* [Work order] Output every entry below exactly, without its pictures.

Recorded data
-.-.-

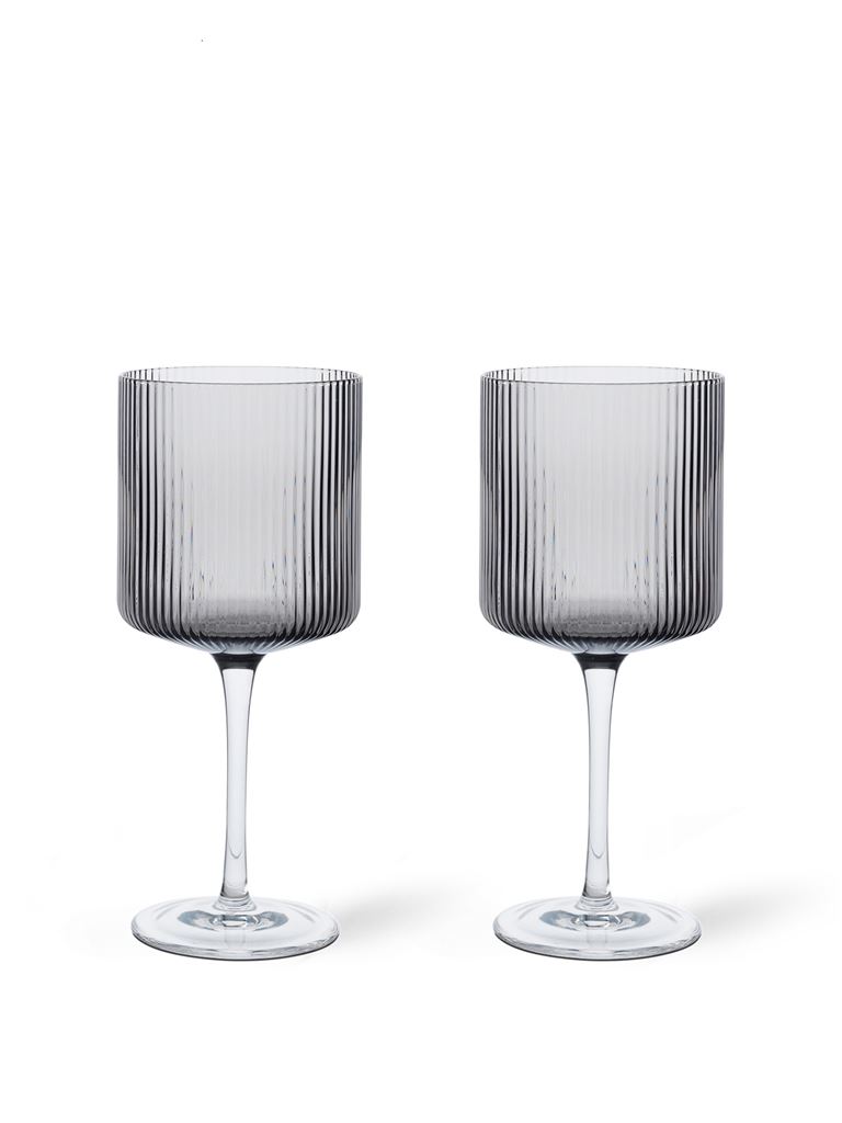 Ferm Living Ripple Red Wine Glasses H: 18,2 cm - Set of 2 - Smoked Grey
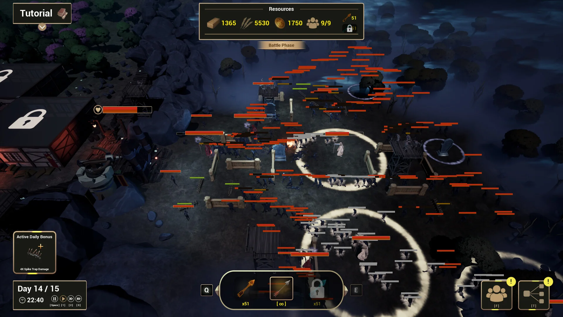 夜間になると状況は一変します。アンデッドの軍勢が宿屋の門へ押し寄せ、防衛線を敷いて敵の侵攻を食い止めなければなりません。昼間に集めた資源を活用しながら、タワーディフェンス的な戦術で敵波を撃退する必要があります。
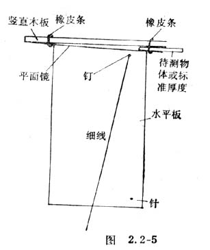 将一页已知厚度的纸插入玻璃板和平面镜之间,找出细线对准针的像的新方向,记细线在标尺上的读数。将两页书纸插入,找出细线在标尺上的读数,依此类推,就对光学测微计进行了粗略的标度,如图2.2-5。
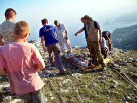 Инструктор спасслужбы Сергей Плотицын отмечает, что падение камня вызвало травматическую ампутацию пальцев правой ноги, скальпированные раны голени и переломы костей. Решение было однозначным – поднимать страдальцв на вершину, а потом машиной доствить в больницу села Орлиного в Байдарской долине. Добраться к пострадавшему оперативно удалось благодаря внедорожнику спасателя-общественника Юрия Круглова. Мастер спорта, Снежный Барс, участник многочисленных спасработ в различных горных системах мира хорошо знает маршруты Крыма.
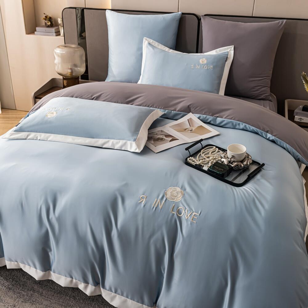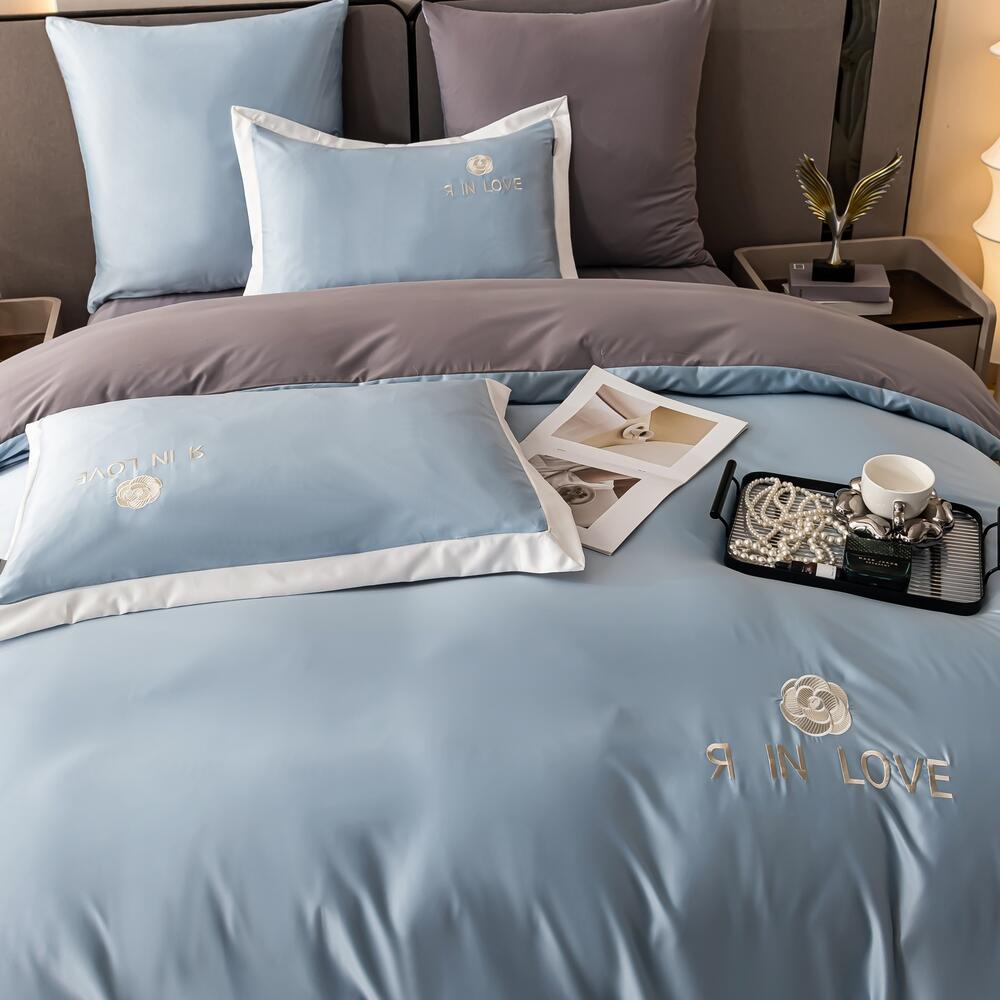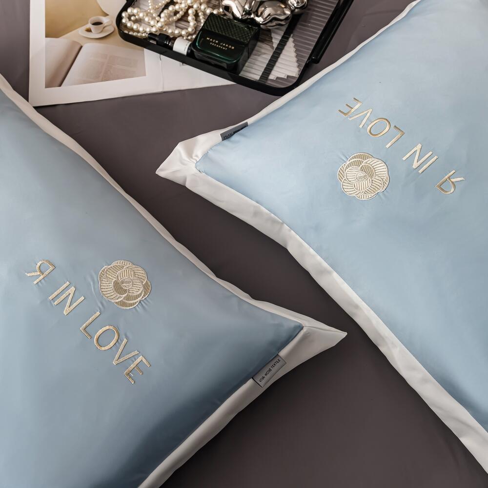 Каждый комплект украшен элегантной вышивкой с цветком и фразой "Я IN LOVE". Это придает постельному белью особый шарм, делая его прекрасным подарком для любимых.

-.-.-

* [Exercise answer]
 Ferm Living Ripple Red Wine Glasses H: 18,2 cm - Set of 2 - Smoked Grey
 夜間になると状況は一変します。アンデッドの軍勢が宿屋の門へ押し寄せ、防衛線を敷いて敵の侵攻を食い止めなければなりません。昼間に集めた資源を活用しながら、タワーディフェンス的な戦術で敵波を撃退する必要があります。
 将一页已知厚度的纸插入玻璃板和平面镜之间,找出细线对准针的像的新方向,记细线在标尺上的读数。将两页书纸插入,找出细线在标尺上的读数,依此类推,就对光学测微计进行了粗略的标度,如图2.2-5。
 Инструктор спасслужбы Сергей Плотицын отмечает, что падение камня вызвало травматическую ампутацию пальцев правой ноги, скальпированные раны голени и переломы костей. Решение было однозначным – поднимать страдальцв на вершину, а потом машиной доствить в больницу села Орлиного в Байдарской долине. Добраться к пострадавшему оперативно удалось благодаря внедорожнику спасателя-общественника Юрия Круглова. Мастер спорта, Снежный Барс, участник многочисленных спасработ в различных горных системах мира хорошо знает маршруты Крыма.
 Каждый комплект украшен элегантной вышивкой с цветком и фразой "Я IN LOVE". Это придает постельному белью особый шарм, делая его прекрасным подарком для любимых.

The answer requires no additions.